PLoS One 2021 12;16(10):e0258406. Epub 2021 Oct 12.

Department of Medicine, School of Clinical Sciences at Monash Health, Monash University, Clayton, Victoria, Australia.

Background: Hypertension is a major global public health problem. Elevated blood pressure can cause cardiovascular and kidney diseases. We assessed the effectiveness of health education sessions and home support programs in reducing blood pressure among patients with uncontrolled hypertension in a suburban community of Nepal.

Methods: We conducted a community-based, open-level, parallel-group, cluster randomized controlled trial in Birendranagar municipality of Surkhet, Nepal. We randomly assigned four clusters (wards) into intervention and control arms. We provided four health education sessions, frequent home and usual care for intervention groups over six months. The participants of the control arm received only usual care from health facilities. The primary outcome of this study was the proportion of controlled systolic blood pressure (SBP). The analysis included all participants who completed follow-up at six months.

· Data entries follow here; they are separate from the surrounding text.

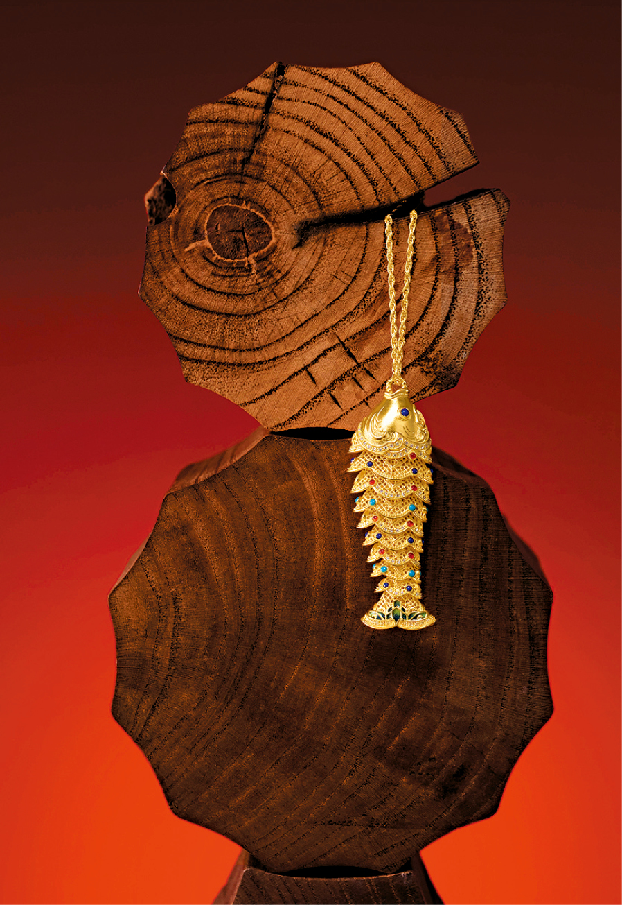 ▲传承系列“鱼裕丰饶”足金吊坠,采用铸金、花丝及铺金的传统黄金工艺技术制作,可摆动的尾部恍如鱼儿逆流而上,寓意坚毅与成功,纤薄的金片缀以鎏彩,精致亮丽。
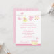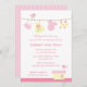 Esta ducha 5x7 tiene un tendedero en la parte superior con algunas ropas para bebés colgando de ella y un pájaro rosado parado en la fila. En la parte inferior hay un borde rosa caliente con una cesta de lavandería con una flor y un pájaro sentado sobre ella. Su información de fiesta de personalizable fácil se encuentra en el centro. Cocoa Studio
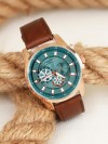 Trend tasarımlı Kahverengi Deri Kordonlu Rose Metal Spor Kasa Erkek Kol Saatine sahip olun.
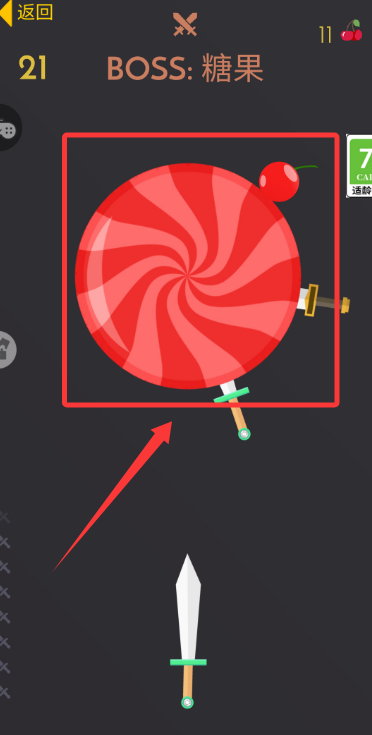 3、进行操作时要注意避开其他飞刀的落点,只要通过合理控制投掷并命中目标苹果,就能顺利完成任务。
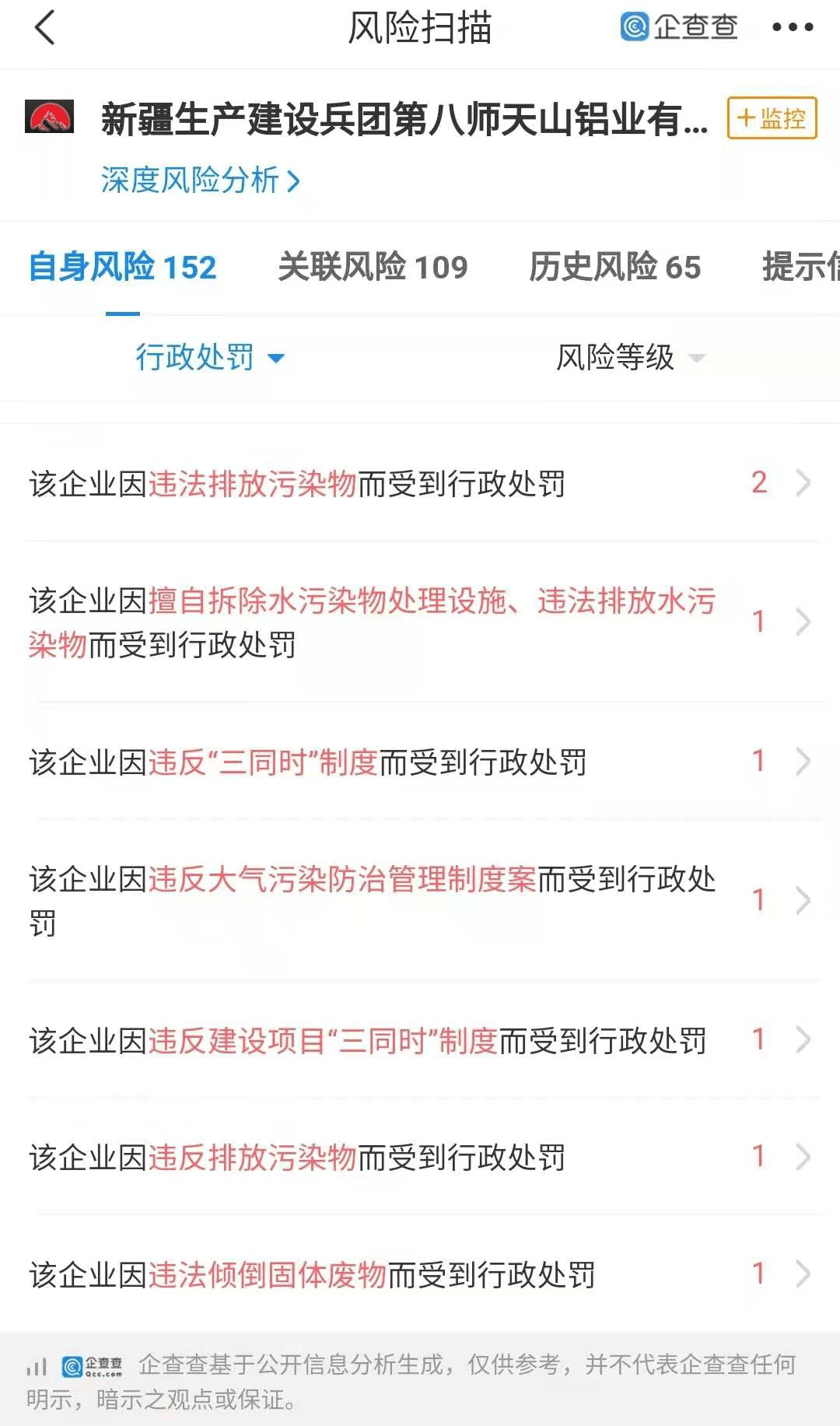 据发现网了解,天山铝业成立于2010年8月,是一家铝产品生产商。近年来,国家对环保要求愈发严格,因此对包括电解铝在内的环境污染型企业的监管程度不断提升。企查查显示,天山铝业因违规排放污染物、擅自拆除水污染物处理设施和违反“三同时”制度,共遭8次行政处罚。
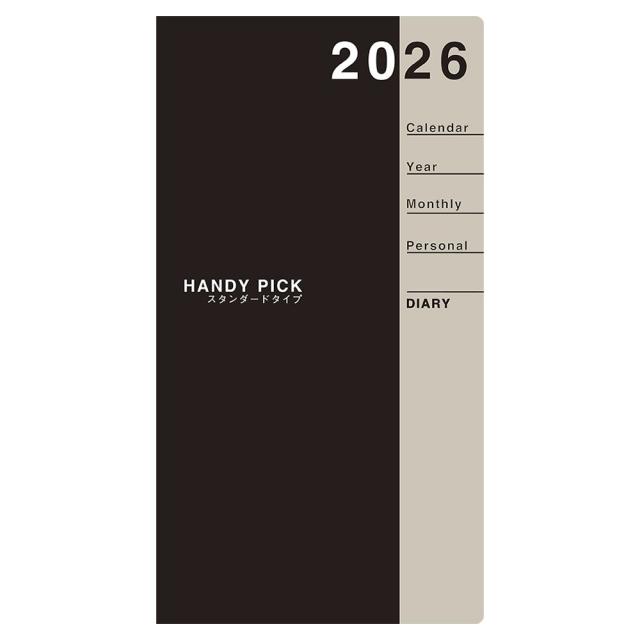 【メール便発送】ダイゴー 手帳 2026年 ハンディピック スモールサイズ 1ヶ月横罫 薄型 濃グレー E1083

Results: 125 participants were assigned to either the intervention (n = 63) or the control (n = 62) group. Of them, 60 participants in each group completed six months follow-up. The proportion of controlled SBP was significantly higher among the intervention participants compared to the control (58.3% vs. 40%). Odds ratio of this was 2.1 with 95% CI: 1.01-4.35 (p = 0.046) and that of controlled diastolic blood pressure (DBP) was 1.31 (0.63-2.72) (p = 0.600). The mean change (follow-up minus baseline) in SBP was significantly higher in the intervention than in the usual care (-18.7 mmHg vs. -11.2 mmHg, p = 0.041). Such mean change of DBP was also higher in the intervention (-10.95 mmHg vs. -5.53 mmHg, p = 0.065). The knowledge score on hypertension improved by 2.38 (SD 2.4) in the intervention arm, which was significantly different from that of the control group, 0.13 (1.8) (p<0.001).

Conclusions: Multiple health education sessions complemented by frequent household visits by health volunteers can effectively improve knowledge on hypertension and reduce blood pressure among uncontrolled hypertensive patients at the community level in Nepal.

Trial Registration: ClinicalTrial.gov: NCT02981251.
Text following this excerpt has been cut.